PKK şefi Abdullah Öcalan, Kenya'nın başkenti Nairobi'de, MİT ve Genelkurmay Başkanlığı'nın nefes kesen, film gibi ortak operasyonuyla kıskıvrak yakalanıp, önceki gece sabaha karşı uçakla Türkiye'ye getirildi. Nairobi'de başlayıp Bandırma'da tamamlanan tarihi operasyon adım adım şöyle gerçekleşti:
Öcalan Roma'dan ayrıldıktan sonra Ankara tarafından adım adım izlenmeye başlandı. Gitmek istediği tüm ülkeler tarafından geri çevrilen Abdullah Öcalan, Atina Havaalanı'nda yakıt ikmalinden sonra Kenya'ya gitmek üzere havalandı. Ancak geçen yıl Nairobi'de ABD elçiliğine dönük saldırıdan sonra Kenya'ya giriş yapan yabancıları büyük bir titizlikle izleyen CIA, Öcalan'ın gelişinden anında haberdar oldu.

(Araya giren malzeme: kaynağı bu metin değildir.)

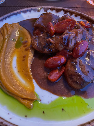 For our mains we ordered: Kopanakia (chicken legs with Aegina pistachios, dried grapes, baby potatoes and grape syrup); and, Pork Tenderloin (sweet potato purée).

Öcalan 2 Şubat'ta yerel saatle 11.33'te kanlı serüveninin son durağı olan Nairobi'ye indi.
Kozmik plan
Nairobi'de önce bir otele yerleşen Öcalan, yakalanma korkusuyla Yunanistan Büyükelçiliği'ne sığındı ve elçilik residansında barınmaya başladı. Ankara'da ise aynı günlerde ayrıntılı bir operasyon planı hazırlandı.
Genelkurmay Başkanlığı'na bağlı Özel Kuvvetler Komutanlığı'nca hazırlanan "çok gizli" (kozmik) planın oluşmasına MİT Müsteşarı Şensal Atasagun da katıldı ve ayrıntılar Genelkurmay Harekat Başkanı ve Başbakanlık Askeri Danışmanı Korgeneral Yaşar Büyükanıt tarafından Başbakan Bülent Ecevit'e aktarıldı.

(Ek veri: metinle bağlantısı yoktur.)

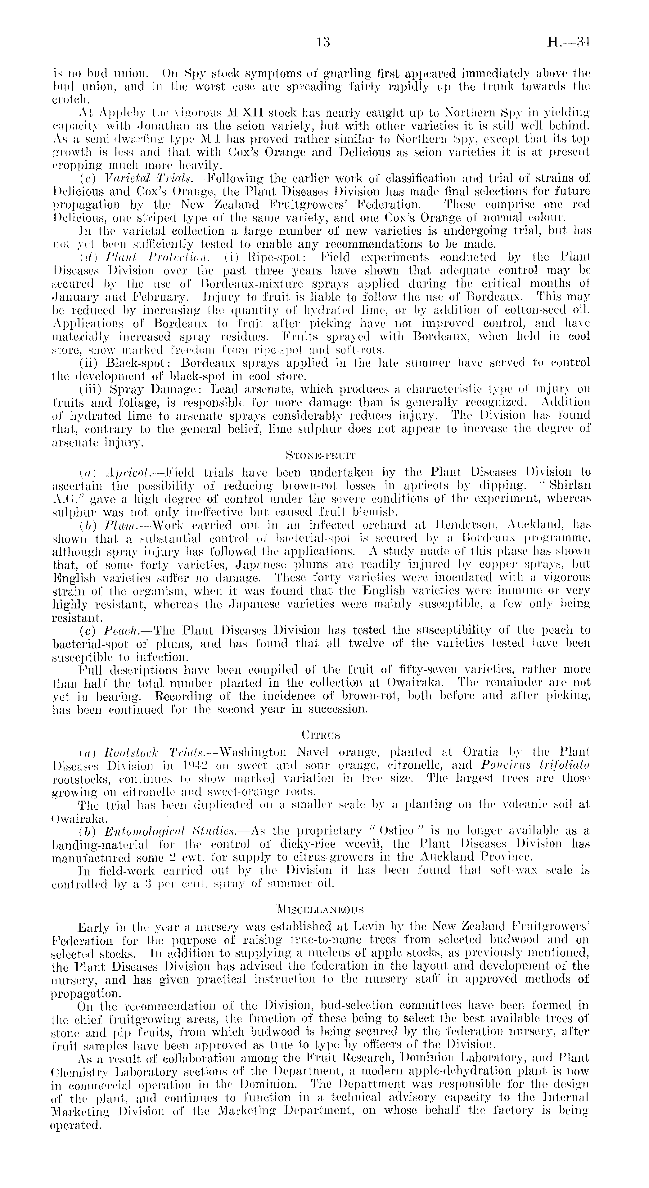 is no bud union. On Spy stock symptoms of gnarling first appeared immediately above the bud union, and in the worst ease are spreading fairly rapidly up the trunk towards the crotch. At Appleby the vigorous M XII stock has nearly caught up to Northern Spy in yielding capacity with Jonathan as the scion variety, but with other varieties it is still well behind. As a semi-dwarfing type M I has proved rather similar to Northern Spy, except that its top growth is less and that with Cox's Orange and Delicious as scion varieties it is at present cropping much more heavily. (c) Varietal Trials. —Following the earlier work of classification and trial of strains of Delicious and Cox's Orange, the Plant Diseases Division has made final selections for future propagation by the New Zealand Fruitgrowers' Federation. These comprise one red Delicious, one striped type of the same variety, and one Cox's Orange of normal colour. In the varietal collection a large number of new varieties is undergoing trial, but has not yet been sufficiently tested to enable any recommendations to be made. (d) Plant Protection.—(i) Ripe-spot: Field experiments conducted by the Plant Diseases Division over the past three years have shown that adequate control may be secured by the use of Bordeaux-mixture sprays applied during the critical months of January and February. Injury to fruit is liable to follow the use of Bordeaux. This may be reduced by increasing the quantity of hydrated lime, or by addition of cotton-seed oil. Applications of Bordeaux to fruit after picking have not improved control, and have materially increased spray residues. Fruits sprayed with Bordeaux, when held in cool store, show marked freedom from ripe-spot and soft-rots. (ii) Black-spot: Bordeaux sprays applied in the late summer have served to control the development of black-spot in cool store. (iii) Spray Damage: Lead arsenate, which produces a characteristic type of injury on fruits and foliage, is responsible for more damage than is generally recognized. Addition of hydrated lime to arsenate sprays considerably reduces injury. The Division lias found that, contrary to the general belief, lime sulphur does not appear to increase the degree of arsenate injury. Stone-fruit (а) Apricot.—Field trials have been undertaken by the Plant Diseases Division to ascertain the possibility of reducing brown-rot losses in apricots by dipping. " Shirlan A.CI." gave a high degree of control under the severe conditions of the experiment, whereas sulphur was not only ineffective but caused fruit blemish. (б) Plum. —Work carried out in an infected orchard at Henderson, Auckland, lias shown that a substantial control of bacterial-spot is secured by a Bordeaux programme, although spray injury has followed the applications. A study made of this phase has shown that, of some forty varieties, Japanese plums are readily injured by copper sprays, but English varieties suffer 110 damage. These forty varieties were inoculated with a vigorous strain of the organism, when it was found that the English varieties were immune or very highly resistant, whereas the Japanese varieties were mainly susceptible, a few only being resistant. (0) Peach.—'The Plant Diseases Division has tested the susceptibility of the peach to bacterial-spot of plums, and has found that all twelve of the varieties tested have been susceptible to infection. Full descriptions have been compiled of the fruit of fifty-seven varieties, rather more than half the total number planted in the collection at Owairaka. The remainder are not yet in bearing. Recording of the incidence of brown-rot, both before and after picking, has been continued for the second year in succession. Citrus (a) Bootstock Trials.—Washington Navel orange, planted at Oratia by the Plant Diseases Division in 1942 011 sweet and sour orange, citronelle, and Pmtcirus trifoliata rootstocks, continues to show marked variation in tree size. The largest trees are those growing 011 citronelle and sweet-orange roots. The trial has been duplicated on a smaller scale by a planting on the volcanic soil at Owairaka. (b) Entomological Studies.—As the proprietary " Ostico "is no longer available as a banding-material for the control of dicky-rice weevil, the Plant Diseases Division has manufactured some 2 cwt. for supply to citrus-growers in the Auckland Province. In field-work carried out by the Division it has been foimd that soft-wax scale is controlled by a 3 per cent, spray of summer oil. Miscellaneous Early in the year a nursery was established at Levin by the New Zealand Fruitgrowers' Federation for the purpose of raising true-to-name trees from selected budwood and 011 selected stocks. 111 addition to supplying a nucleus of apple stocks, as previously mentioned, the Plant Diseases Division has advised the federation in the layout and development of the nursery, and has given practical instruction to the nursery staff in approved methods of propagation. On the recommendation of the Division, bud-selection committees have been formed in the chief fruitgrowing areas, the function of these being to select the best available trees of stone and pip fruits, from which budwood is being secured by the federation nursery, after fruit samples have been approved as true to type by officers of the Division. As a result of collaboration among the Fruit Research, Dominion Laboratory, and Plant Chemistry Laboratory sections of the Department, a modern apple-dehydration plant is now in commercial operation in the Dominion. The Department was responsible for the design of the plant, and continues to function in a technical advisory capacity to the Internal Marketing Division of the Marketing Department, on whose behalf the factory is being operated.

Cumhurbaşkanı Süleyman Demirel de bütün gelişmeler konusunda sürekli bilgilendirildi. Operasyonla ilgili koordinasyonu Korgeneral Yaşar Büyükanıt yaparken, hazırlıklar Cumhurbaşkanı, Başbakan, Genelkurmay Başkanı, Dışişleri Bakanı, Kuvvet Komutanları ve MİT Müsteşarı dışında herkesten gizlendi. Bu aşamada Atina, Washington ve Moskova'yla yoğun bir temasa geçilerek operasyona yardımcı olmaları istendi.
Pilotlar habersiz
Operasyona katılacak görevliler büyük bir titizlikle seçildi. Operasyon timine 1982'de Ermeni terör örgütü ASALA'ya dönük operasyonlara katılmış tecrübeli bir görevlinin komuta etmesi kararlaştırıldı. Operasyon timini Nairobi'ye götürmek üzere Cavit Çağlar'a ait Fransız Dassault imalatı Falcon 900 B uçağı dört gün önce kiralandı. Uçağı Etimesgut Askeri Havaalanı'na getiren pilotlar Sadık Sindal ve Yalçın Bal misafir olarak alıkonuldu ve aileleriyle bile görüşmelerine izin verilmedi.

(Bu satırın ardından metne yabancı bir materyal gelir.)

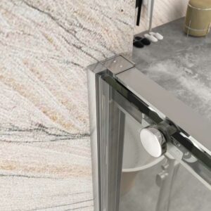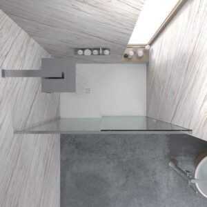 - Particulièrement recommandé pour les receveurs de douche dont la façade est supérieure à 120 cm, de sorte qu’il laisse un espace d’entrée minimum de 50 cm.

Uçağın boyanıp teknik bakımının tamamlanmasından sonra görevliler özel bir gezi görüntüsüyle Nairobi'ye gitti ve havaalanında özel bir aprona çekildi. Özel tim Nairobi'de Yunan Büyükelçiliği rezidansının yakınında üslendi. Öcalan pazartesi akşamı, Yunan Büyükelçiliği rezidansından çıkartılıp bir konvoyla hareket ettiğinde operasyon için "başla" düğmesine de basıldı.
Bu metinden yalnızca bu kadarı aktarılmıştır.